Drop the pictures and repeat the remaining data exactly.

=== Source material ===

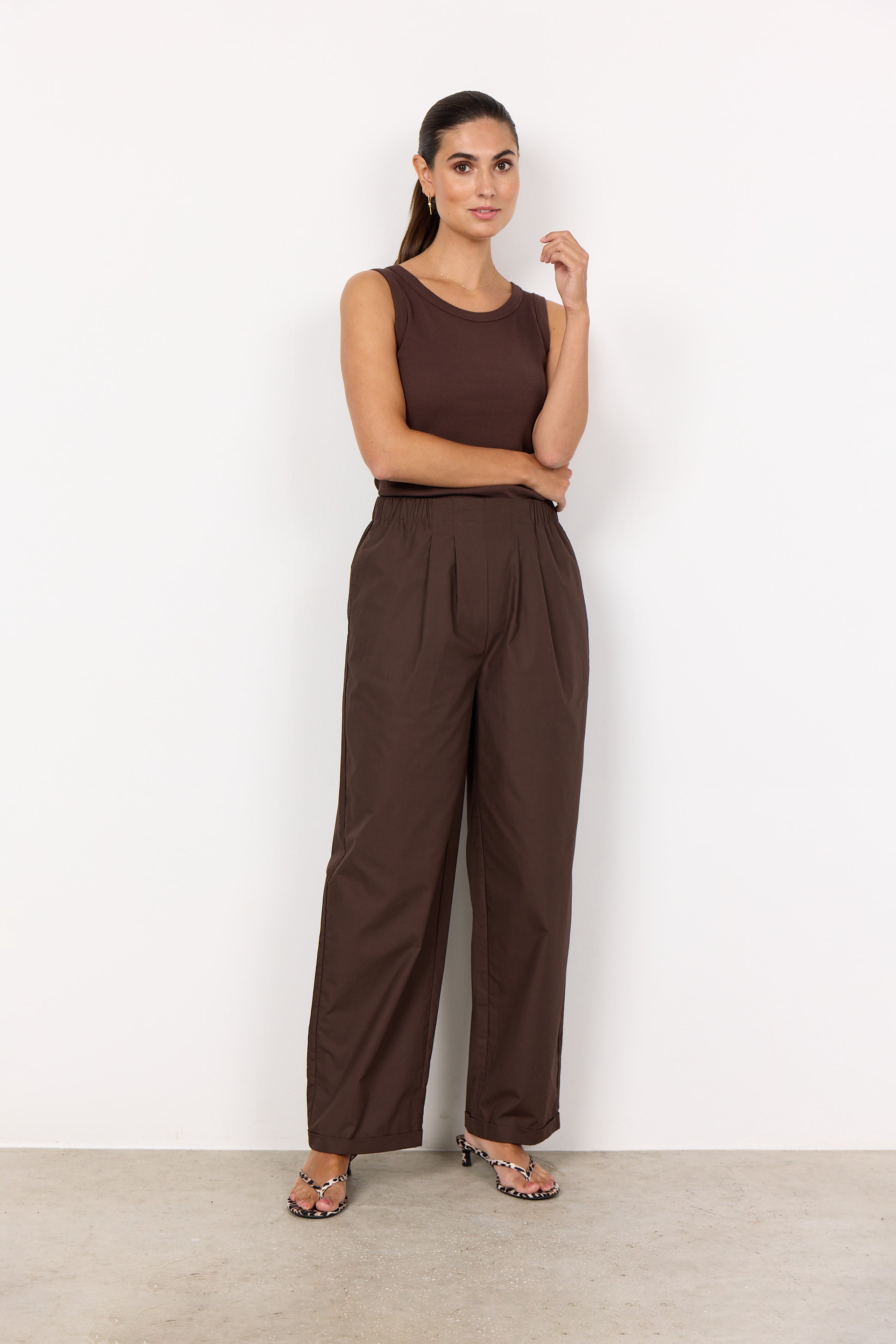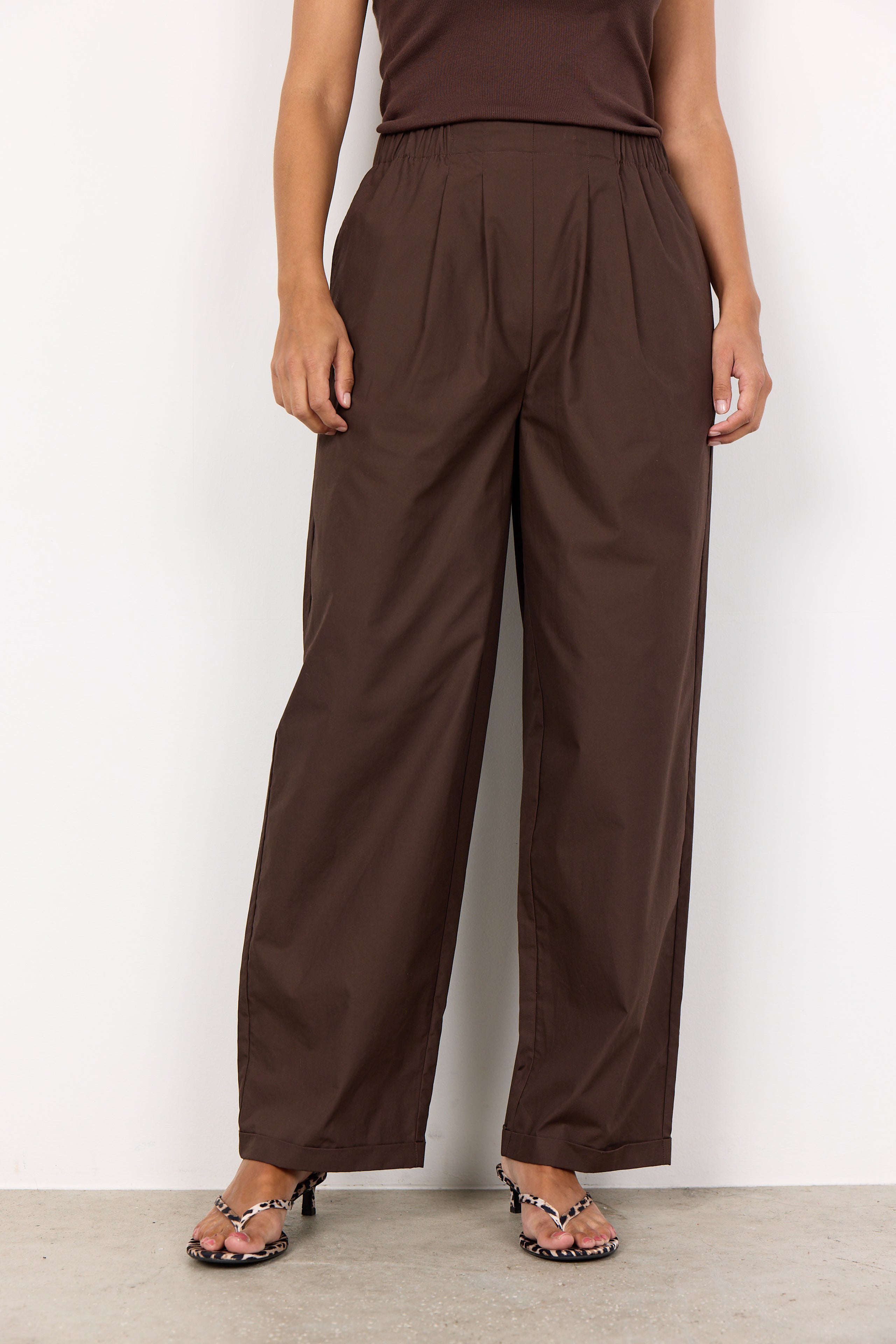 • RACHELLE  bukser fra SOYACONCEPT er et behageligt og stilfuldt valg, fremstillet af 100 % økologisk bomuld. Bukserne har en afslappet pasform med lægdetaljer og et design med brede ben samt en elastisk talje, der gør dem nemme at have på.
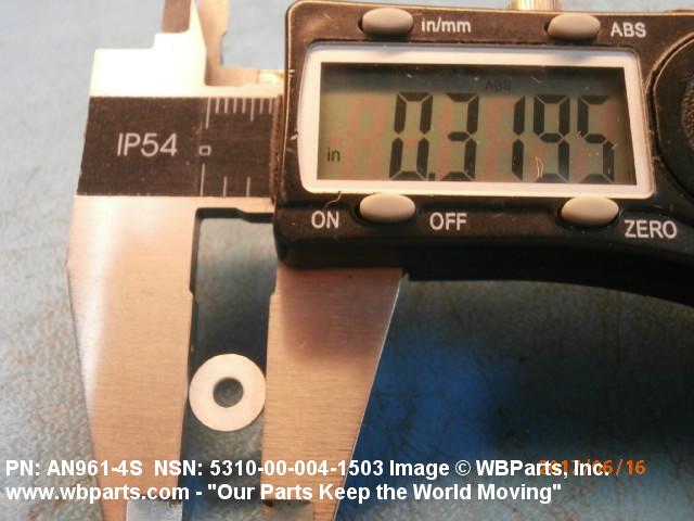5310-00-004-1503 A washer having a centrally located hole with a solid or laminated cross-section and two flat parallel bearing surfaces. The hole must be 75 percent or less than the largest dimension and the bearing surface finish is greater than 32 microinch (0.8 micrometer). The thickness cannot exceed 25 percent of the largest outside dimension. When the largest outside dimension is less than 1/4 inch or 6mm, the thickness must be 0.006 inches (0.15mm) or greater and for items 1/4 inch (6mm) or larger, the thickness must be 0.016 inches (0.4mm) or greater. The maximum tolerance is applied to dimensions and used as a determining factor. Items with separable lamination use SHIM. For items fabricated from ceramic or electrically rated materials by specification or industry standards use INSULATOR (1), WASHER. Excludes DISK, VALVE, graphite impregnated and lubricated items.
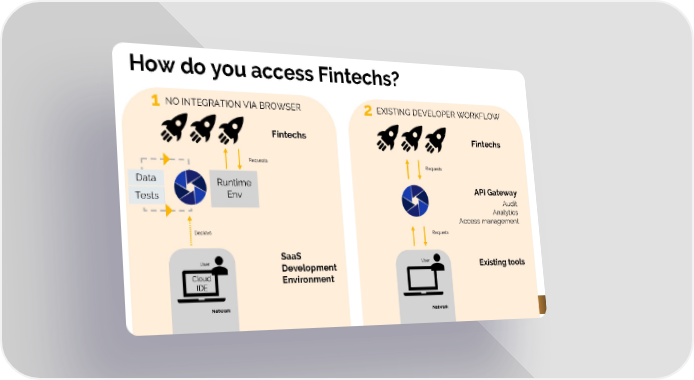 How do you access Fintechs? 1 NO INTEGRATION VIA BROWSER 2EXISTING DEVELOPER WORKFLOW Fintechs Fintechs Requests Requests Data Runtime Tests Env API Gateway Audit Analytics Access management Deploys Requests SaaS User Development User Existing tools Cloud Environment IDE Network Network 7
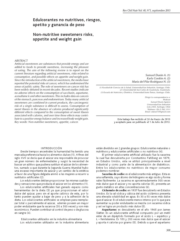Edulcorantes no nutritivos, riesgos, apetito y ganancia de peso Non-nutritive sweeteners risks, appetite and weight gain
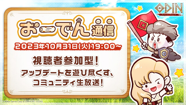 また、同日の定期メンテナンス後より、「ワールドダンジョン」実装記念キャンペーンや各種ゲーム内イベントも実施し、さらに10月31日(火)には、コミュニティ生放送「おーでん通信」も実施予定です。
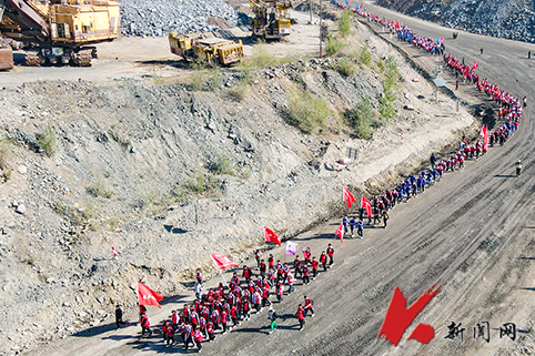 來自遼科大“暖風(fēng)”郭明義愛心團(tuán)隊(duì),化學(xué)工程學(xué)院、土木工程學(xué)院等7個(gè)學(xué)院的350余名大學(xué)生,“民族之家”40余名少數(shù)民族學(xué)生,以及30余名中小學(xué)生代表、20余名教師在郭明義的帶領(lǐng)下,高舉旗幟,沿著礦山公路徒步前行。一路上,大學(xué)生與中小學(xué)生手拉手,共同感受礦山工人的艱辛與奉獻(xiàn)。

===

Solved exercise:
 • RACHELLE  bukser fra SOYACONCEPT er et behageligt og stilfuldt valg, fremstillet af 100 % økologisk bomuld. Bukserne har en afslappet pasform med lægdetaljer og et design med brede ben samt en elastisk talje, der gør dem nemme at have på.
5310-00-004-1503 A washer having a centrally located hole with a solid or laminated cross-section and two flat parallel bearing surfaces. The hole must be 75 percent or less than the largest dimension and the bearing surface finish is greater than 32 microinch (0.8 micrometer). The thickness cannot exceed 25 percent of the largest outside dimension. When the largest outside dimension is less than 1/4 inch or 6mm, the thickness must be 0.006 inches (0.15mm) or greater and for items 1/4 inch (6mm) or larger, the thickness must be 0.016 inches (0.4mm) or greater. The maximum tolerance is applied to dimensions and used as a determining factor. Items with separable lamination use SHIM. For items fabricated from ceramic or electrically rated materials by specification or industry standards use INSULATOR (1), WASHER. Excludes DISK, VALVE, graphite impregnated and lubricated items.
 How do you access Fintechs? 1 NO INTEGRATION VIA BROWSER 2EXISTING DEVELOPER WORKFLOW Fintechs Fintechs Requests Requests Data Runtime Tests Env API Gateway Audit Analytics Access management Deploys Requests SaaS User Development User Existing tools Cloud Environment IDE Network Network 7
Edulcorantes no nutritivos, riesgos, apetito y ganancia de peso Non-nutritive sweeteners risks, appetite and weight gain
 また、同日の定期メンテナンス後より、「ワールドダンジョン」実装記念キャンペーンや各種ゲーム内イベントも実施し、さらに10月31日(火)には、コミュニティ生放送「おーでん通信」も実施予定です。
 來自遼科大“暖風(fēng)”郭明義愛心團(tuán)隊(duì),化學(xué)工程學(xué)院、土木工程學(xué)院等7個(gè)學(xué)院的350余名大學(xué)生,“民族之家”40余名少數(shù)民族學(xué)生,以及30余名中小學(xué)生代表、20余名教師在郭明義的帶領(lǐng)下,高舉旗幟,沿著礦山公路徒步前行。一路上,大學(xué)生與中小學(xué)生手拉手,共同感受礦山工人的艱辛與奉獻(xiàn)。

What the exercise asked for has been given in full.